A novel aspect of this study addresses whether BOS therapy responses can be predicted, making a point that not all BOS is created equal. Strikingly, baseline spirometry values (which conventionally define BOS severity), preceding BOS duration or timing of onset, extrapulmonary cGVHD profiles, and systemic immunosuppression status did not differ between pirfenidone responders and nonresponders. However, response correlated with less-impaired baseline quantitative computed tomography (qCT), which measures proportions of normal lung parenchyma, degree of air trapping, and volume expansion and heterogeneity. Worse qCT indices likely indicate high degree of fixed fibrotic lung tissue (“functionally advanced” disease), which may be less capable of remodeling. Whether baseline qCT could inform treatment response or the need for therapy intensification remains to be fully elucidated. Along these lines, might incorporating qCT into the early workup for BOS provide an opportunity to optimize frontline therapy to prevent further, rapid fibrosis?

This cohort largely had cGVHD, affecting multiple organs, representing a high cGVHD burden. Although STOP-BOS was not structured to formally evaluate extrapulmonary cGVHD, there were clinically meaningful patient-reported outcome (PRO) improvements in the eye and mouth (and additional quantitative skin improvement) per the Lee Symptom Scale, plus overall improved physical and emotional functioning. Intriguingly, these extrapulmonary improvements did not necessarily represent prototypically fibrotic cGVHD organs nor did they strictly align with pirfenidone respiratory response status. May this indicate utility of pirfenidone in other cGVHD tissues, a hitherto unexplored therapeutic consideration?

Mechanistically, pirfenidone could inhibit multiple potential actors in BOS pathophysiology. Mouse models demonstrate pathogenic roles of colony stimulating factor-1–dependent alternatively activated tissue macrophages, type-17 T cells, and auto-/alloantibodies, pathways potentially involved in extrapulmonary organ cGVHD^6-8 and post-lung allograft BOS.⁹ TGF-β derived from macrophages and injured lung epithelium then targets fibroblasts, which activate into myofibroblasts producing excessive and disorganized collagen and extracellular matrix, causing pathologic airway remodeling.

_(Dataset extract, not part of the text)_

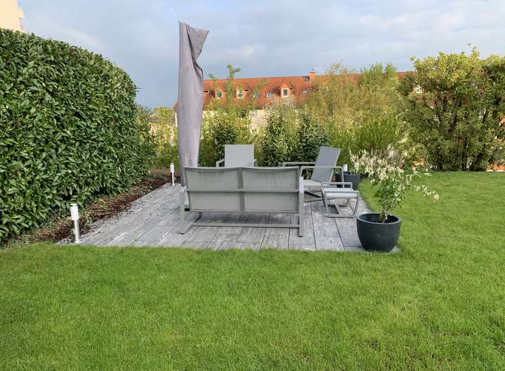 Das Grundstück ist schön eingewachsen. Ein Highlight ist der große Garten mit einer wunderschönen großen Südwest Terrasse zusätzlich gibt es eine zweite kleine Terrasse die als Lounge genutzt werden kann. Um den Garten pflegeleicht zu gestalten wurde sowohl in der Wiese als auch in den Blumenbeeten eine zeitgesteuerte Bewässerungsanlage installiert, auch übernimmt ein kleiner Rasenroboter die Rasenpflege. Als weiteres Gestaltungselement wurde ein Springbrunnen installiert.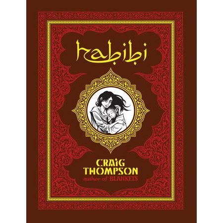 כריכה קשה "Habibi", based on a Middle Eastern fable, tells the story of Dodola, who escapes being sold into slavery and rescues an abandoned baby she names Zam. They live in isolation in an old boat in the desert. As they age their relationship shifts from mother and son, to brother and sister and eventually lovers. In the meantime however Dodola is forced to prostitute herself to desert traders in order to provide for Zam. When he seeks an alternative means of income Dodola is captured by the Sultan and Zam is forced into a quest to try and rescue her.

Furthermore, TGF-β–stimulated alveolar macrophages expand local tissue resident memory T cells, spurring a vicious cycle of further epithelial injury.¹⁰ Pirfenidone is believed to reduce fibroblast-intrinsic TGF-β responsiveness, macrophage alternative activation and TGF-β responsiveness, and CD4⁺ and CD8⁺ T-cell proliferation,⁵ which are not wholly fibrosis-directed phenomena. This may speak to potential pirfenidone utility in nonfibrotic cGVHD pathophysiology, as hinted by STOP-BOS oral and ocular PROs.

In sum, developing effective strategies to treat BOS remains critical. In this trial, prolonged treatment with pirfenidone was well tolerated and associated with airflow obstruction stabilization, and in some subjects, improvement. Moreover, patient-reported quality-of-life and other organs improved regardless of lung response. Potentially incorporating into future trials, correlates including qCT may inform therapy responsiveness and/or be proxies for degree of lung impairment. Randomized trials will be crucial to (1) fully evaluate the effectiveness of agents like pirfenidone in mitigating or reversing bronchiolar inflammation characteristic of BOS, (2) determine whether frontline pirfenidone may have an advantage over existing standard-of-care options, and (3) identify the benefit that it may have in extrapulmonary cGVHD.

Conflict-of-interest disclosure: The authors declare no competing financial interests.